Question

What is the vertex of the function x2 - 6x + 8 = 0?

Answer 1

The vertex of the function
`\bold{x^(2) -6 x + 8 = 0}`is (h,k) = (3 , -1)

Solution:

The vertex form of quadratic equation is generally given as,

`f(x) = a(x - h)^(2) + k`

Where h,k is the vertex of the parabola.

From question, given that
`x^(2)-6 x+8=0` .

we have to find the vertex of the function.

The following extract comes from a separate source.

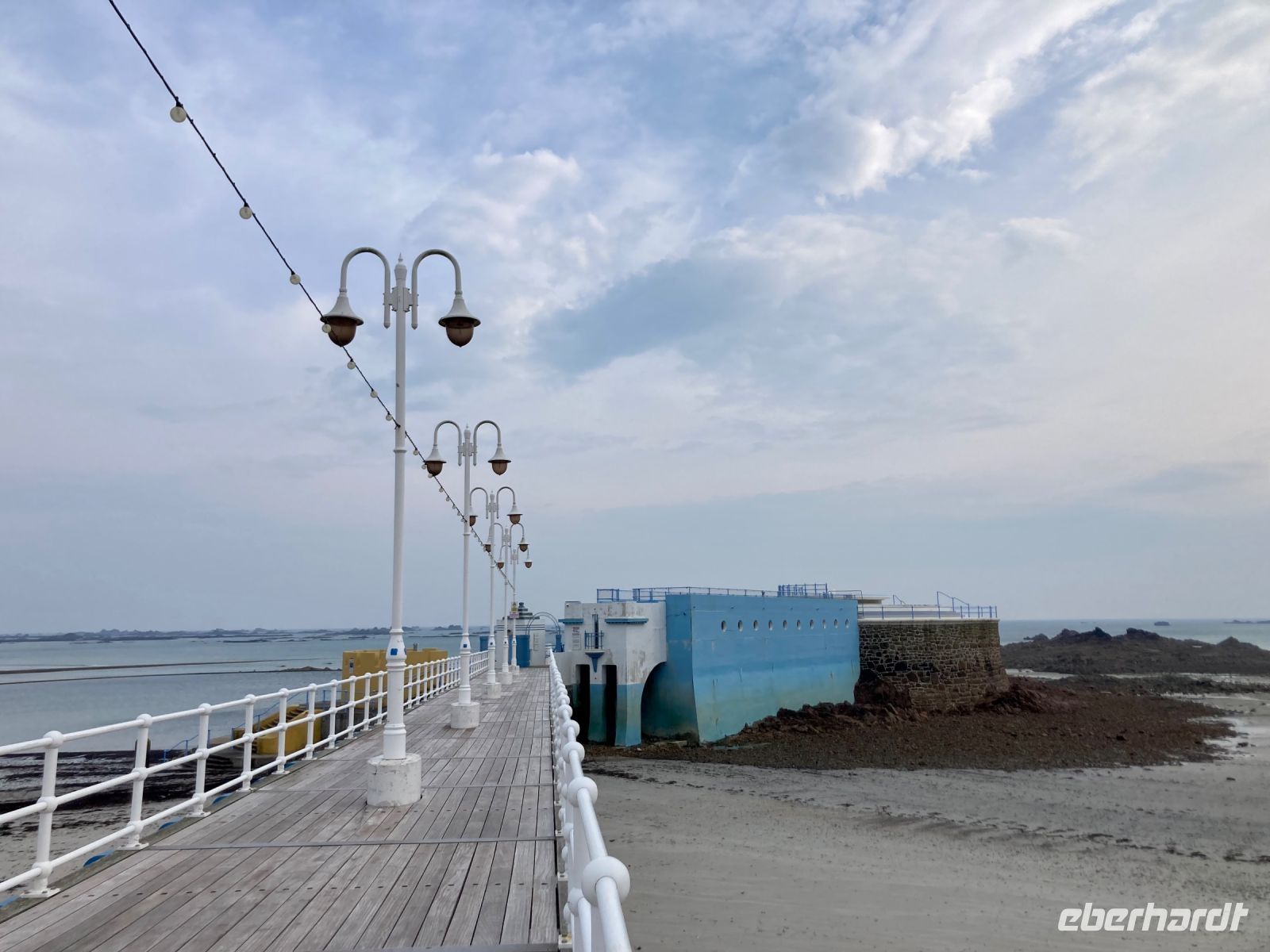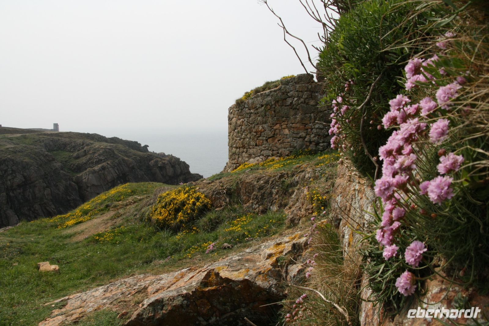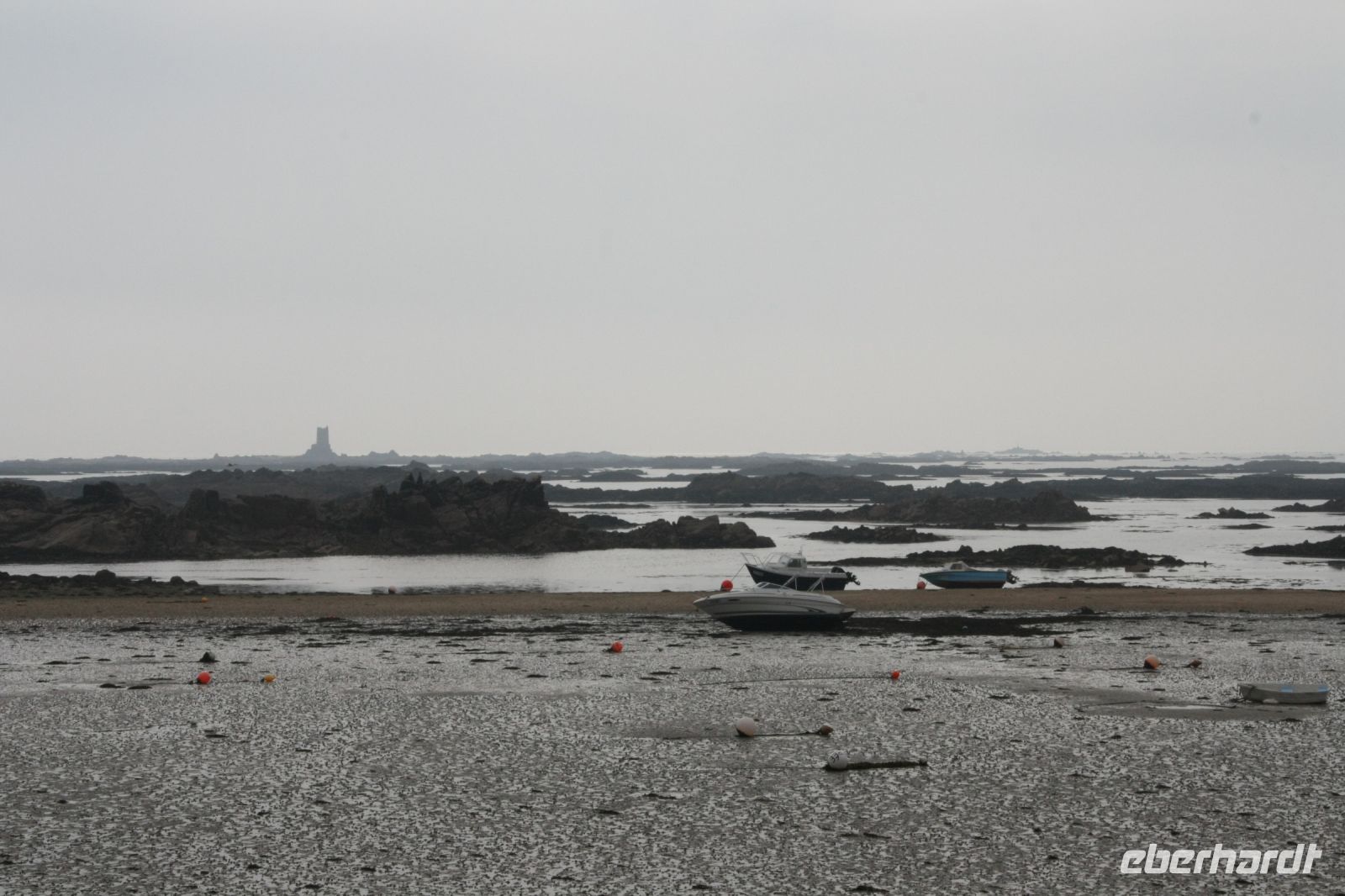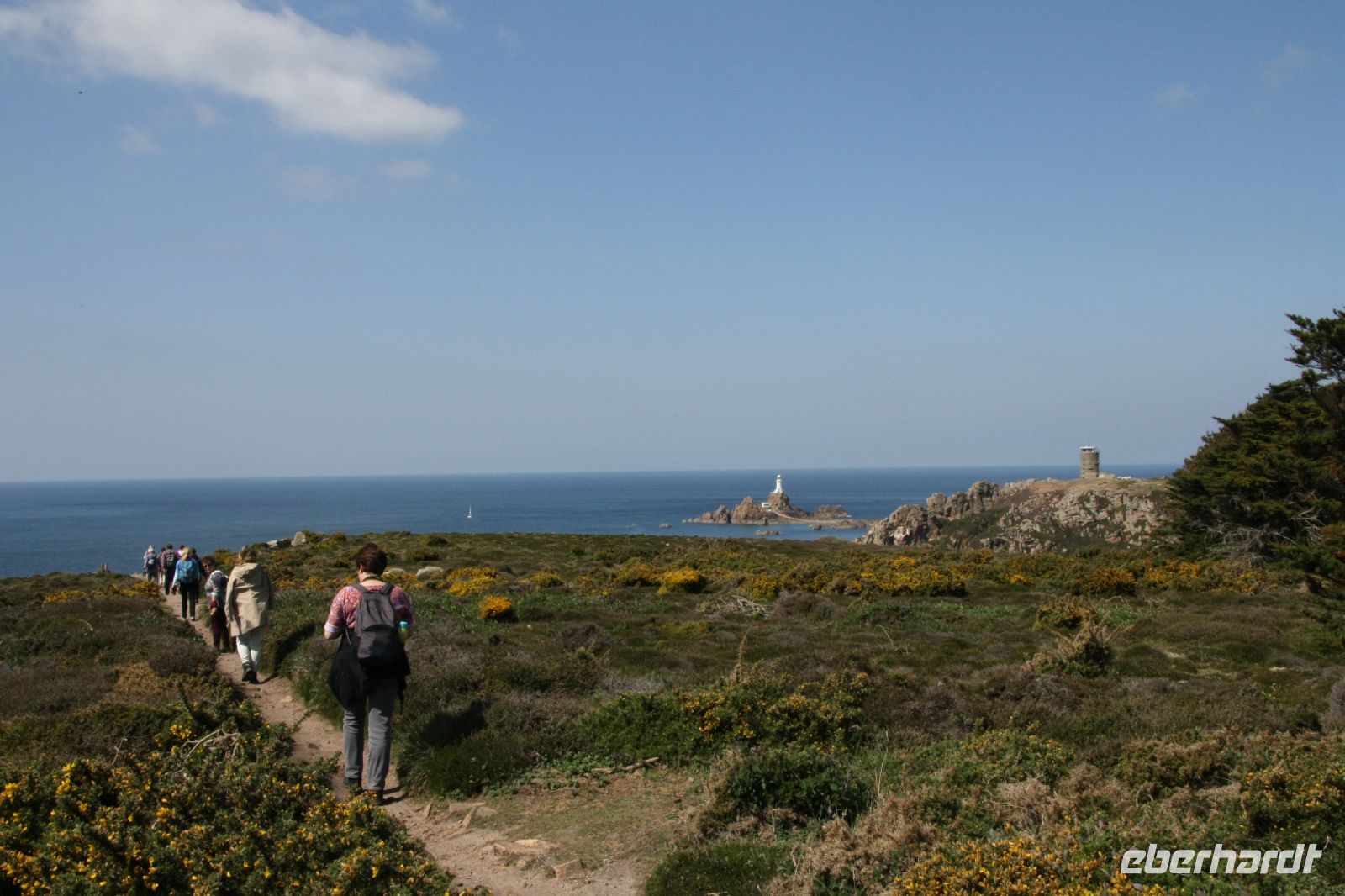 Tag 3 begann recht ungewöhnlich schon mit gellenden Sirenenton. Man sprang schnell auf im Negligé, zu retten sich samt Portmonnaie - jedoch - kein Unheil war gescheh‘n - man konnt’ noch mal zu Bett geh’n. Doch dann tagsüber ging’s mit flotten Schritten bergauf, bergab von St. Brelade am Küstenrand, bis jeder vor dem Leuchtturm stand. Etwas vor uns kam die Flut - na gut …!
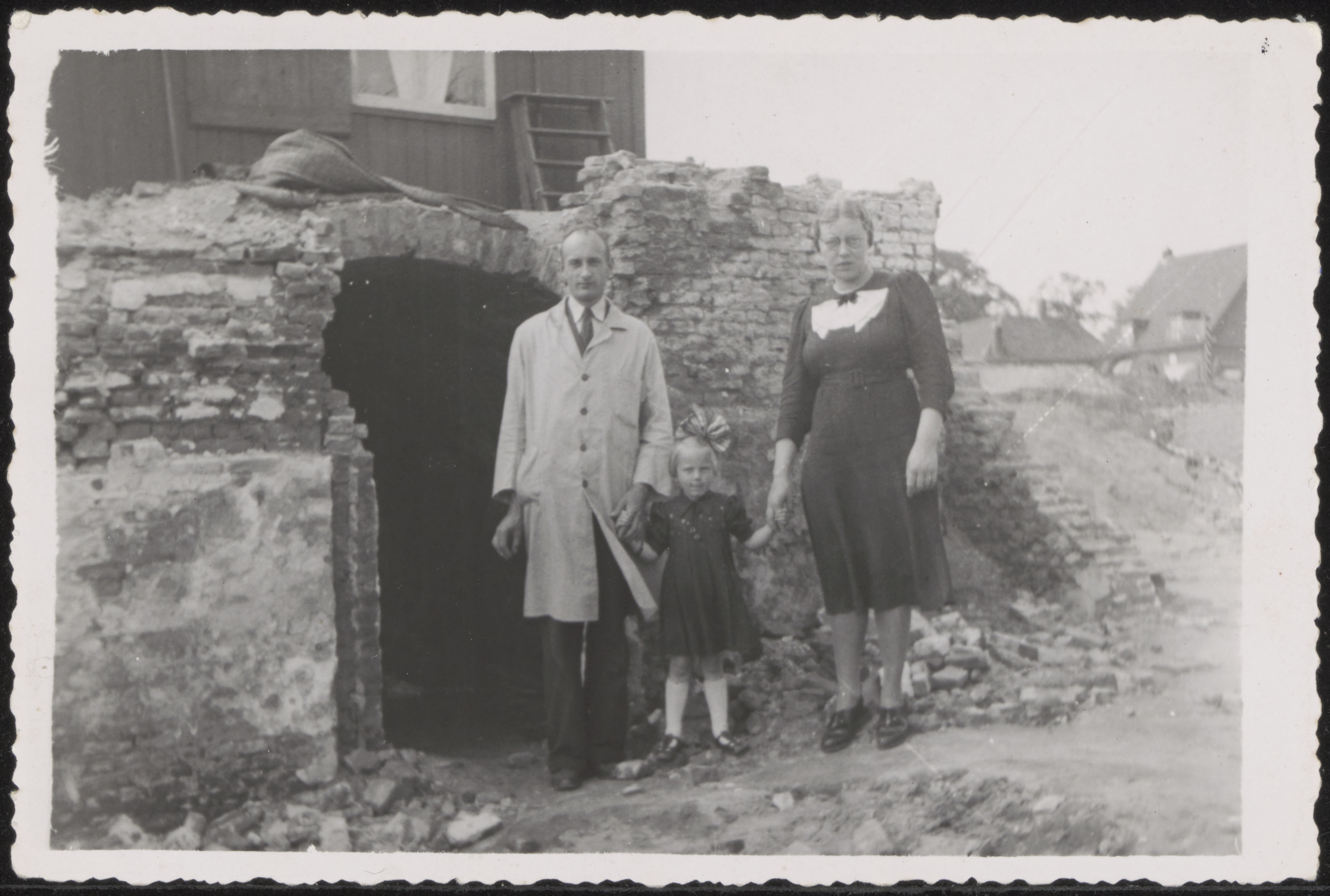 - Arie Lolkus en zijn vrouw Gijsbertje van Zessen met hun dochter Pieternella Johanna bij hun tabakswinkeltje in Alblasserdam.

Let us first convert the given quadratic equation to vertex form (eqn 1)

`x^(2)-6 x+8=0`

`x^(2)-6 x=-8`

By adding “9” on both sides of equation, we get

`x^(2)-6 x+9=-8+9`

`x^(2)-6 x+9=1`

By using the identity
`(a-b)^(2)=a^(2)-2 a b+b^(2)` ,the right hand side of above equation becomes,

`(x-3)^(2)=1`

`(x-3)^(2)-1=0`

Now,the equation
`(x-3)^(2)-1=0` is of the vertex form.

By comparing
`(x-3)^(2)-1=0` with
`a(x-h)^(2)+k`

we get the values of (h,k)

a = 1; h = 3; k = -1

hence the vertex of the function
`x^(2)-6 x+8=0` is (h,k) = (3 , -1)